8 agosto: Santo Domingo de Guzmán, fundador Orden de Predicadores (Dominicos). Cruzada contra los Cátaros-Albigenses (1920)

Fundador Orden de Predicadores (Dominicos)
Dominicos.org: Nació en Caleruega (Burgos) en 1170, en el seno de una familia profundamente creyente y muy encumbrada. Sus padres, don Félix de Guzmán y doña Juana de Aza, parientes de reyes castellanos y de León, Aragón, Navarra y Portugal, descendían de los condes-fundadores de Castilla. Tuvo dos hermanos, Antonio y Manés.
De los siete a los catorce años (1177-1184), bajo la preceptoría de su tío el Arcipreste don Gonzalo de Aza, recibió esmerada formación moral y cultural. En este tiempo, transcurrido en su mayor parte en Gumiel de Izán (Burgos), despertó su vocación hacia el estado eclesiástico.

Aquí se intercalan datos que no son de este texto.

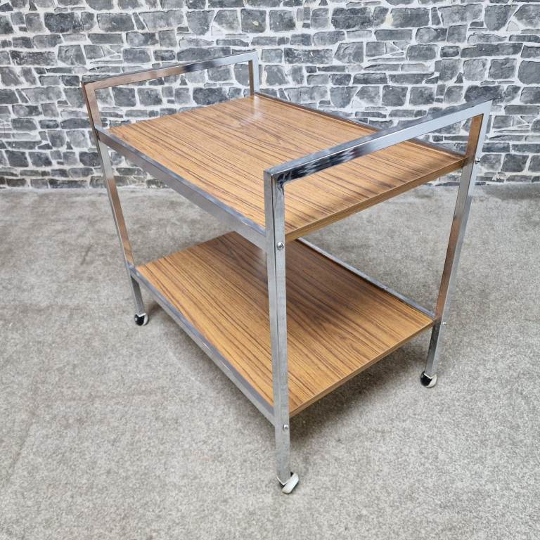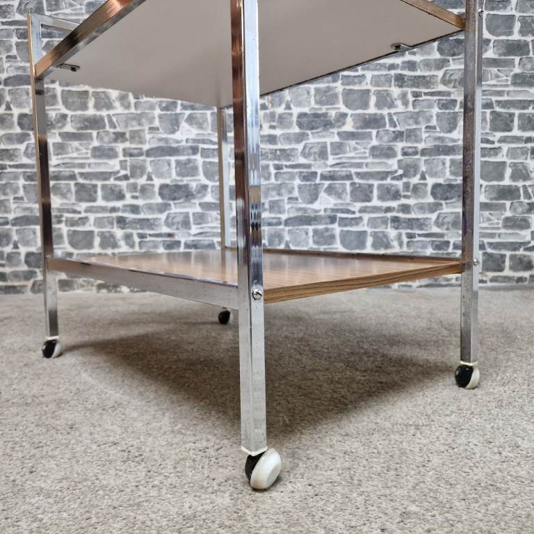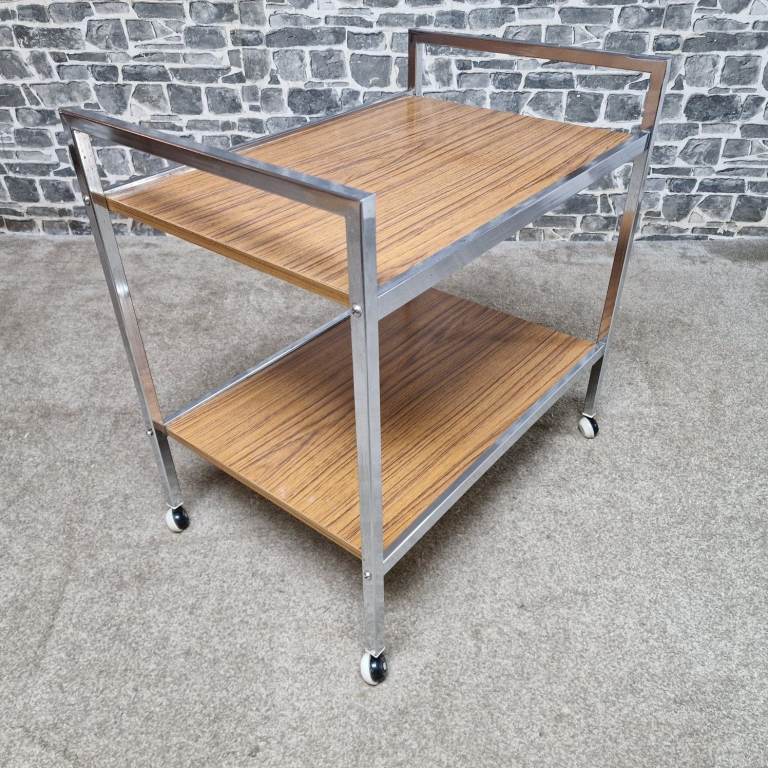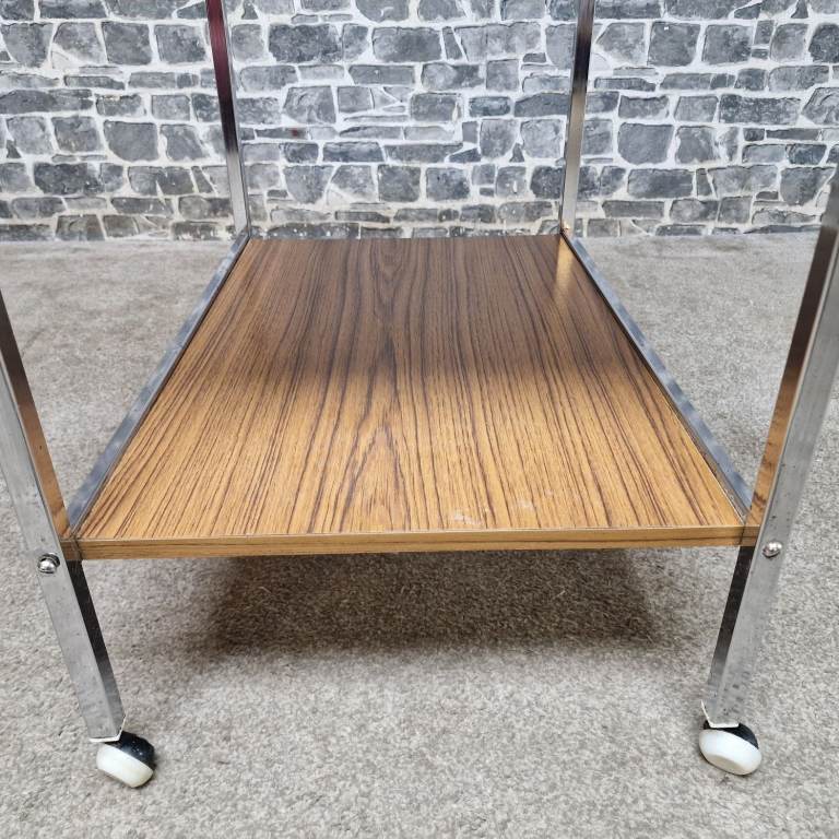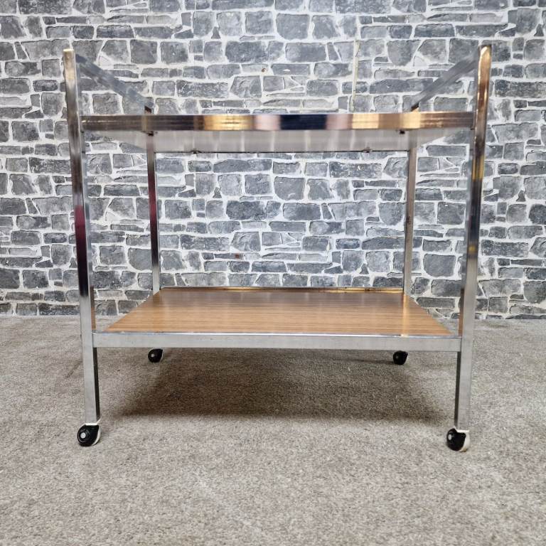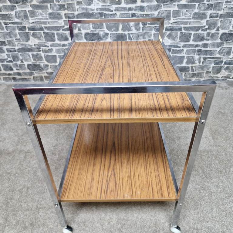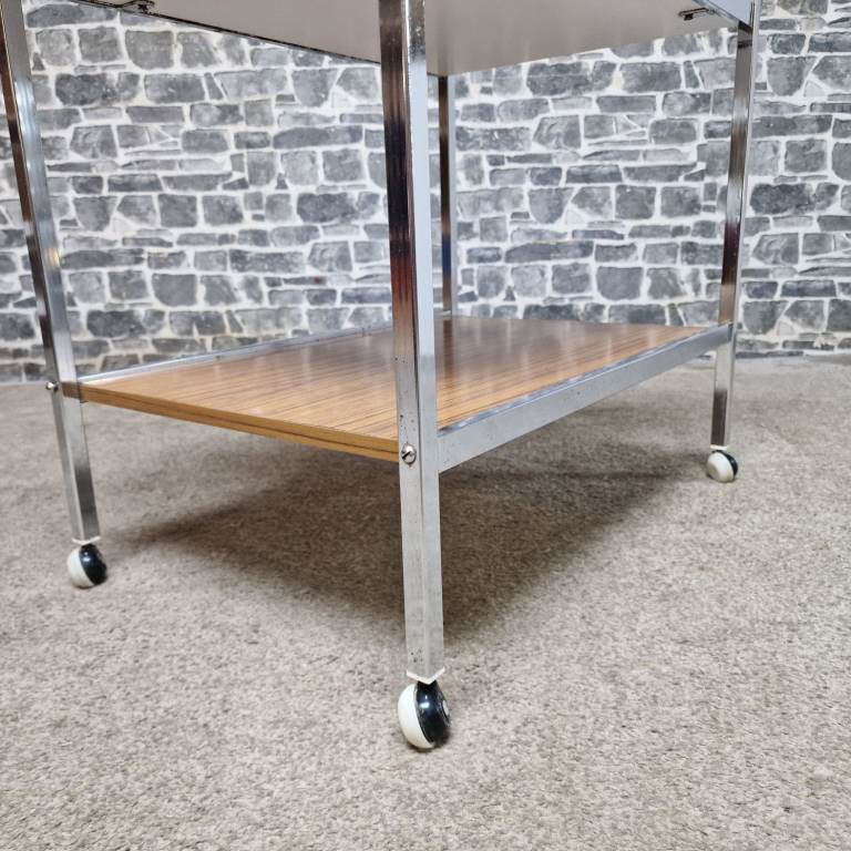 Vintage Chrome & Wood Effect Drinks Trolley on Castors

De los catorce a los veintiocho (1184-1198), vivió en Palencia: seis cursos estudiando Artes (Humanidades superiores y Filosofía); cuatro, Teología; y otros cuatro como profesor del Estudio General de Palencia.
Al terminar la carrera de Artes en 1190, recibida la tonsura, se hizo Canónigo Regular en la Catedral de Osma. Fue en el año 1191, ya en Palencia, cuando en un rasgo de caridad heroica vende sus libros, para aliviar a los pobres del hambre que asolaba España.
Al concluir la Teología en 1194, se ordenó sacerdote y es nombrado Regente de la Cátedra de Sagrada Escritura en el Estudio de Palencia.
Al finalizar sus cuatro cursos de docencia y Magisterio universitario, con veintiocho años de edad, se recogió en su Cabildo, en el que enseguida, por sus relevantes cualidades intelectuales y morales, el Obispo le encomienda la presidencia de la comunidad de canónigos y del gobierno de la diócesis en calidad de Vicario General de la misma.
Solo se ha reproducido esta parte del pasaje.